Former U.S. District Court Judge Herbert Stern and his law firm, Stern & Kilcullen, received $3 million in fees for their work as the University of Medicine and Dentistry of New Jersey's federal monitor, not $8 million as indicated in published reports, the law firm says. The $3 million was paid over a two year period and involved seven different people at the firm. The $8 million UMDNJ paid to federal monitors included fees paid to consultants not affiliated with Stern & Kilcullen, including auditors.

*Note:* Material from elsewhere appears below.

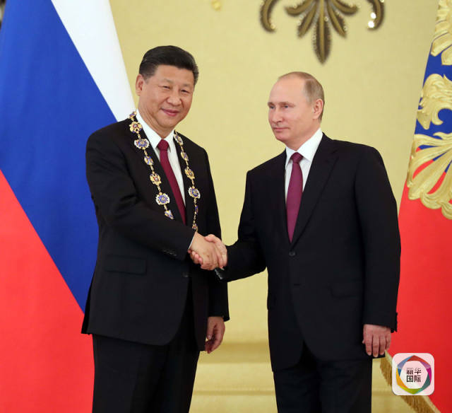 4日下午會談結(jié)束后,普京總統(tǒng)向習近平主席授予俄羅斯國家最高榮譽勛章——“圣安德烈”勛章。
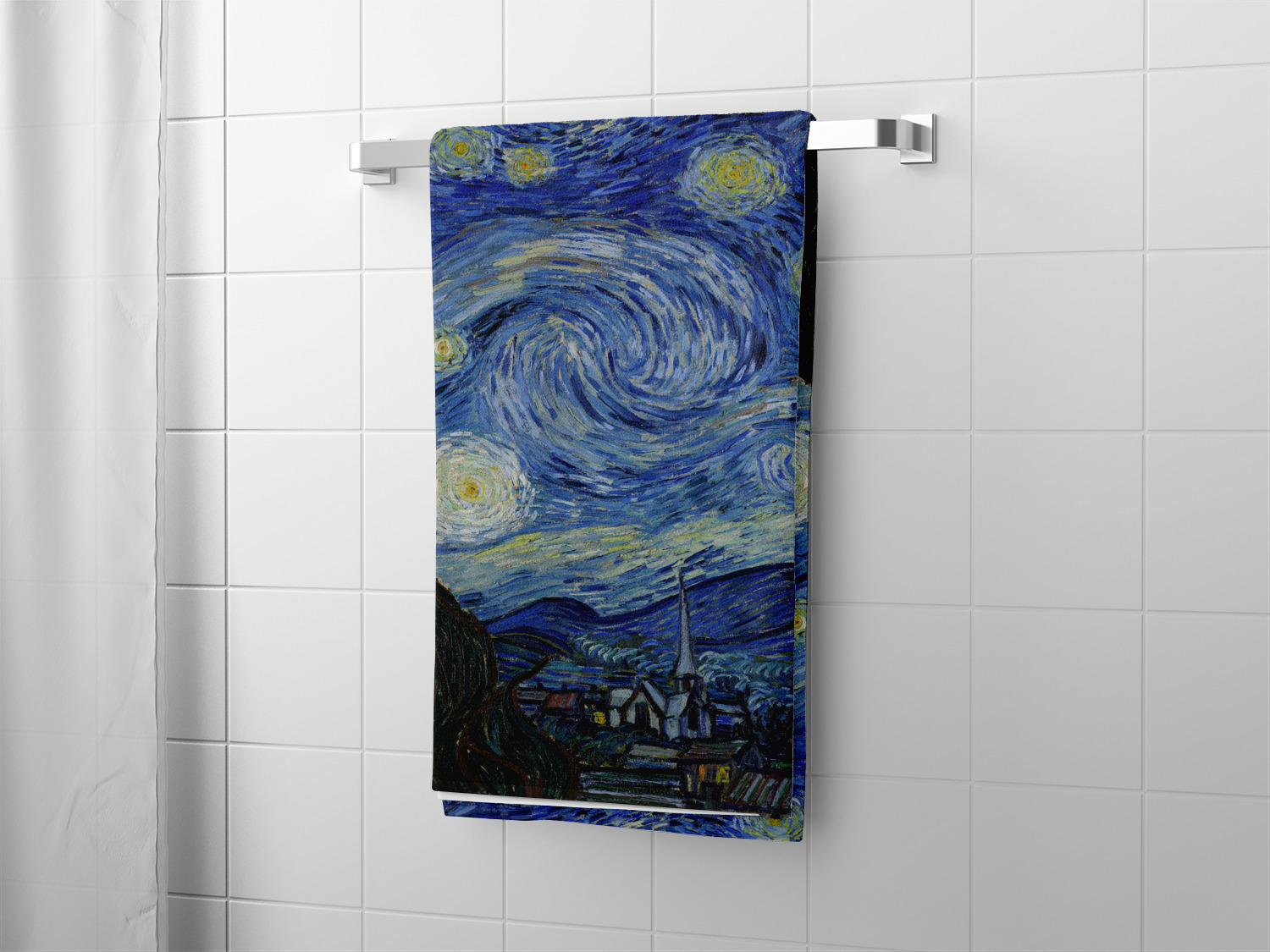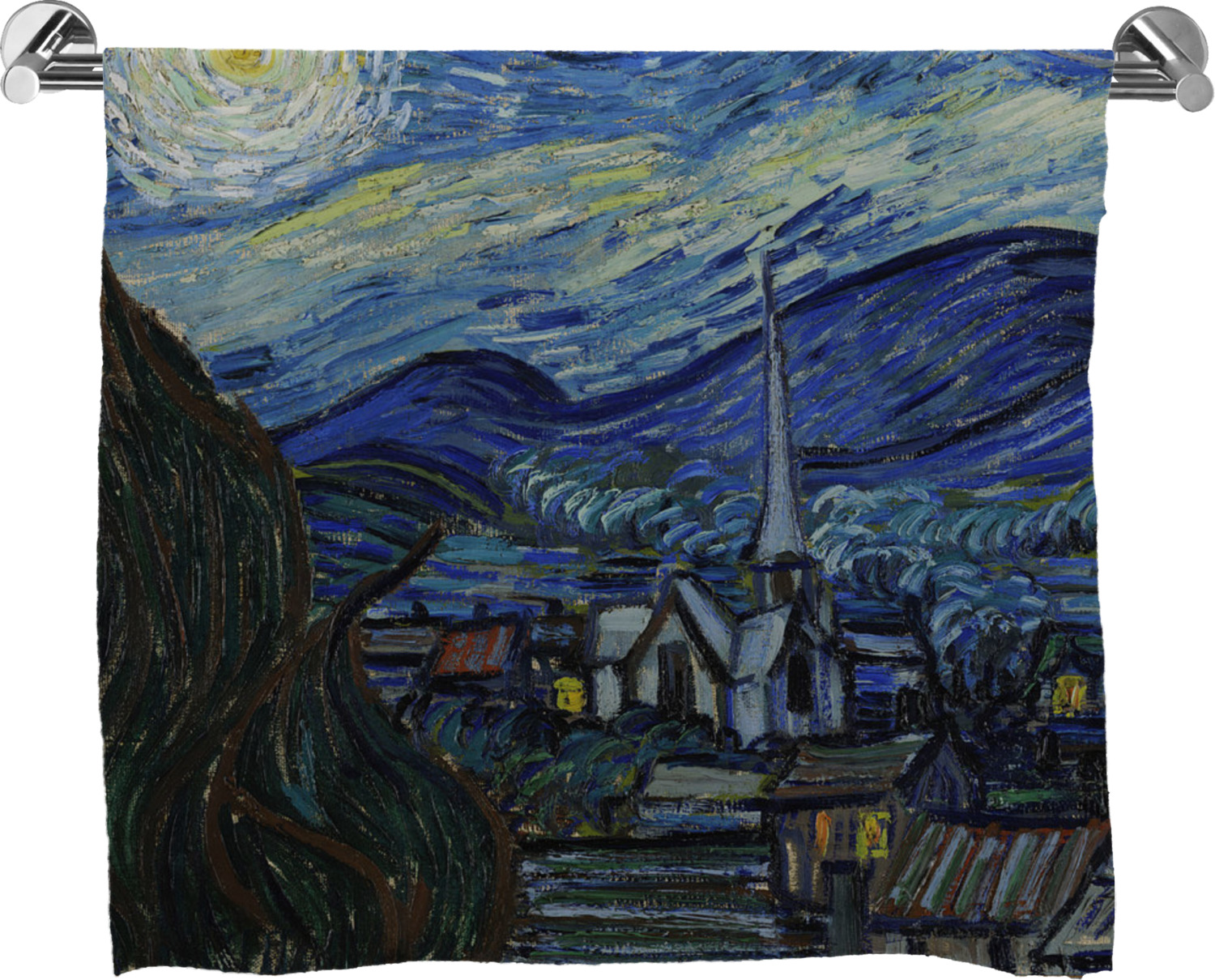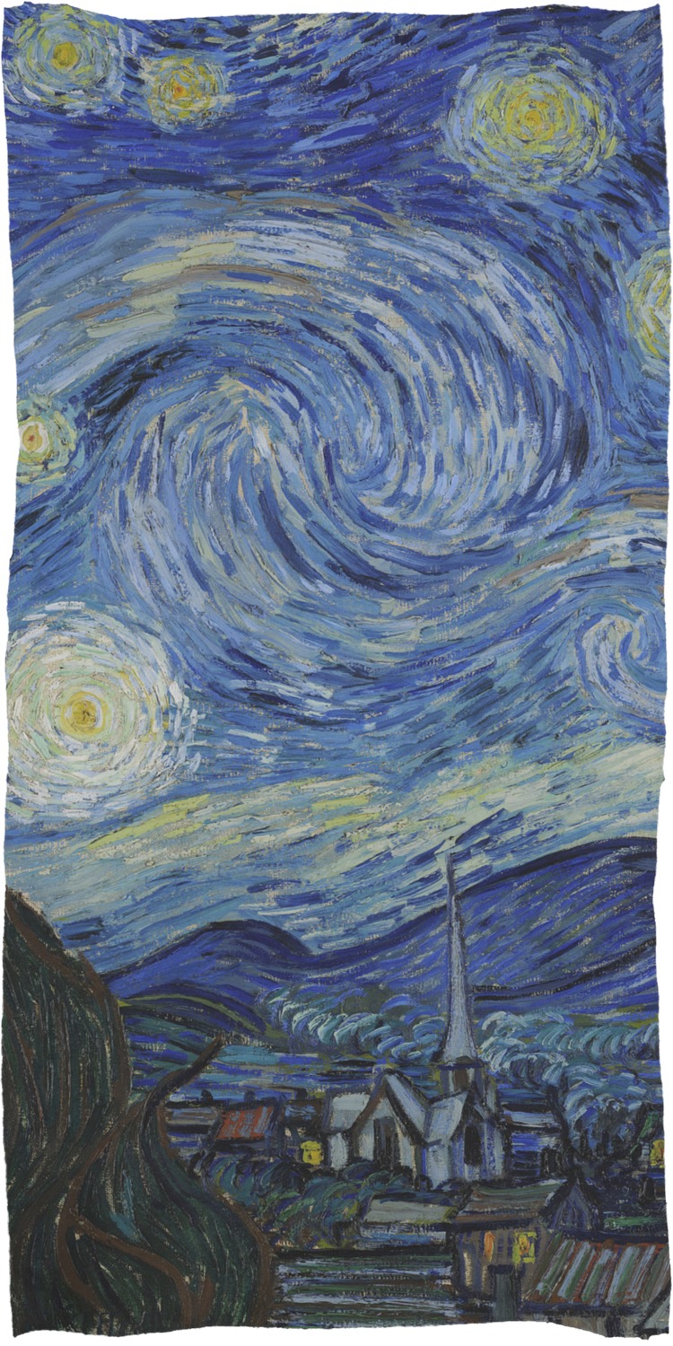Now you can enjoy Starry Night on a daily basis! Well not all of it! To put this rectangular painting (roughly 4x3) on products, we use as much of the painting as we can on each product. So for a square product like the shower curtain - we use a 3x3 rectangle - which cuts off a little of the sides - but is still very much The Starry Night! For other products such as the wristlet (a wide 4x1 rectangle) - you get a small slice of the painting.

Stern's fees have become an issue in the gubernatorial campaign of Republican Christopher Christie, who as U.S. Attorney gave Stern a no-bid contract as part of a deferred prosecution agreement with UMDNJ in 2006. Some Democratic lawmakers and GOP gubernatorial candidate Steven Lonegan are making an issue of campaign contributions to Christie by Stern and others at his law firm.
A report filed by the federal monitors in 2007 says that the team headed by Stern, who served as U.S. Attorney before his nomination to the bench, identified $400 million of documented fraud, waste or abusive practices at UMDNJ. The Stern investigation led to the indictment and conviction of Senate Appropriations Committee Chairman Wayne Bryant, and pushed the UMDNJ trustees to implement key compliance reforms.